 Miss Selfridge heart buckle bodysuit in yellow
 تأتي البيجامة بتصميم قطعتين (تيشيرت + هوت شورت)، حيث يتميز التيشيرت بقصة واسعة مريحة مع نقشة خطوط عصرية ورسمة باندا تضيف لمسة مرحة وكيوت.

════════════════

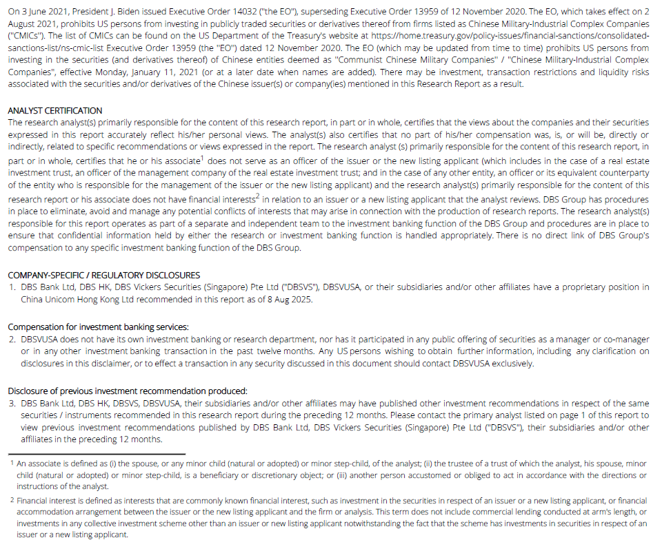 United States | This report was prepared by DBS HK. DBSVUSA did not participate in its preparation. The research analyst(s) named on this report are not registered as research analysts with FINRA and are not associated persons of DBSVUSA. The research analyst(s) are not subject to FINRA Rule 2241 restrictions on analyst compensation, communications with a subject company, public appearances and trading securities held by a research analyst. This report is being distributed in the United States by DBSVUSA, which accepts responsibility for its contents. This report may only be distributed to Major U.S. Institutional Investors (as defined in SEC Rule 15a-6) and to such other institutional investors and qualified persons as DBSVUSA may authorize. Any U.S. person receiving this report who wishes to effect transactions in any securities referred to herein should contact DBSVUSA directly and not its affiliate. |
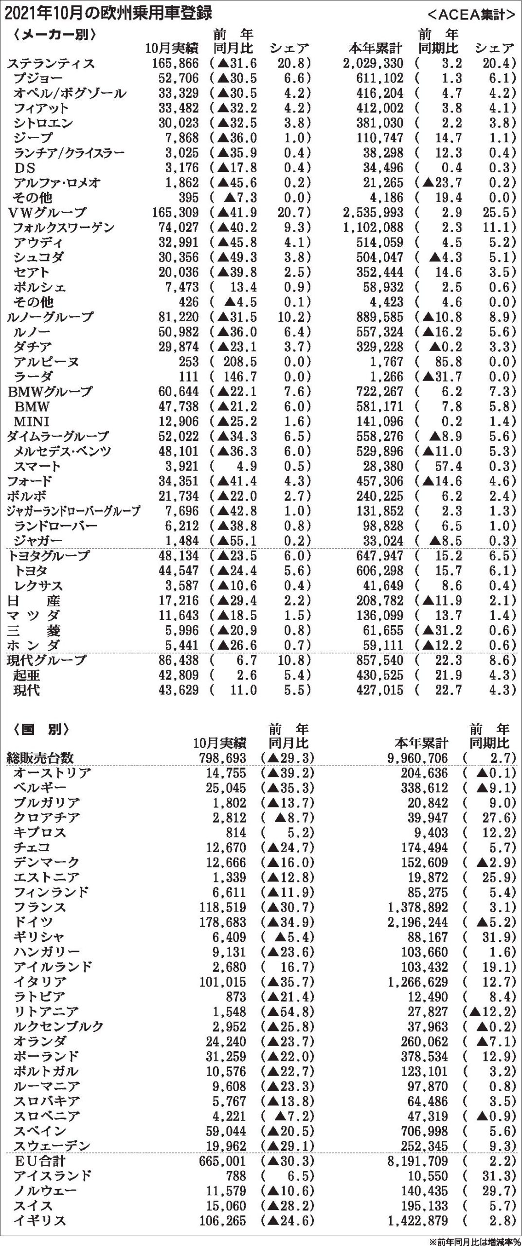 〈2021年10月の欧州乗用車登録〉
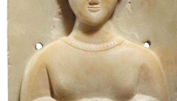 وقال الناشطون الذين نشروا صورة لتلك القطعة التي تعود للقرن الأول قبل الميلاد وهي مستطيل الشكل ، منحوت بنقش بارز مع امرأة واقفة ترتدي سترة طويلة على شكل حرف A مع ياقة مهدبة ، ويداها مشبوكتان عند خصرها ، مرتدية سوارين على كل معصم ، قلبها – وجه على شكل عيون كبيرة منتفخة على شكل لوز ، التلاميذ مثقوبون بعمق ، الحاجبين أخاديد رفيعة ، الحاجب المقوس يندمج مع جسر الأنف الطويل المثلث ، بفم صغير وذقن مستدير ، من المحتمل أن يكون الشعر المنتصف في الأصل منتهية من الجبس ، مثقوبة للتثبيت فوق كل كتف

════════════════

◆ **WHAT THE EXERCISE ASKS**:
Among the records above, a stretch begins at the line containing "Miss Selfridge heart" and ends at the line containing "تأتي البيجامة بتصميم". Restate that stretch word for word, and nothing else.

◆ **COMPLETED EXERCISE**:
 Miss Selfridge heart buckle bodysuit in yellow
 تأتي البيجامة بتصميم قطعتين (تيشيرت + هوت شورت)، حيث يتميز التيشيرت بقصة واسعة مريحة مع نقشة خطوط عصرية ورسمة باندا تضيف لمسة مرحة وكيوت.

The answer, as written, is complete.